▶ [WORK ORDER]:
From the records below, transcribe exactly the lines that begin at the line with "PD4N-M-DACO-1C DALI-2 Número: 93463" and end at the line with "Para obter o", both included.

START DATA FOR ANALYSIS

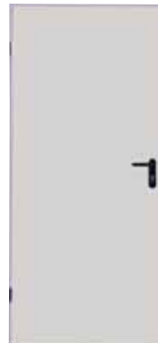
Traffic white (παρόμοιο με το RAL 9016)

END DATA FOR ANALYSIS
START DATA FOR ANALYSIS

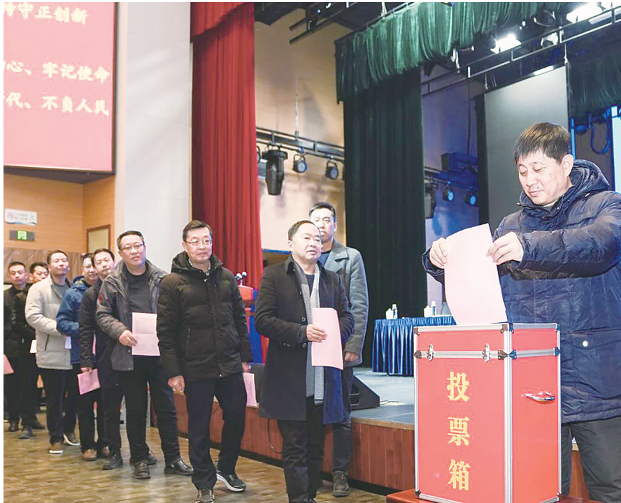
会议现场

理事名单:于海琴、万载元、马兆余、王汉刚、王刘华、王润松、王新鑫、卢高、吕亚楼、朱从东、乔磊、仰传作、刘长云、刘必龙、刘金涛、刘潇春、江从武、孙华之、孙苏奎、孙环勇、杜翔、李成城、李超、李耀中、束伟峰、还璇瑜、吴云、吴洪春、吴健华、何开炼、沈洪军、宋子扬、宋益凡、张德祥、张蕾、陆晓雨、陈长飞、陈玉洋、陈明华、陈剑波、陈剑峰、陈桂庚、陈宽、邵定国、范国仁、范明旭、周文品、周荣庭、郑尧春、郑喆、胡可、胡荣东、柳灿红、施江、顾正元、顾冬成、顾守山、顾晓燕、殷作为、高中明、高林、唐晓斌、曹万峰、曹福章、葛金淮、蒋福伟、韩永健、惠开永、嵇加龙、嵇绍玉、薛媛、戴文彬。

END DATA FOR ANALYSIS
START DATA FOR ANALYSIS

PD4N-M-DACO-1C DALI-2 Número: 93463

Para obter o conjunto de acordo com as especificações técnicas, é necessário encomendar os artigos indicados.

END DATA FOR ANALYSIS

▶ [ANSWER BOX]:
PD4N-M-DACO-1C DALI-2 Número: 93463

Para obter o conjunto de acordo com as especificações técnicas, é necessário encomendar os artigos indicados.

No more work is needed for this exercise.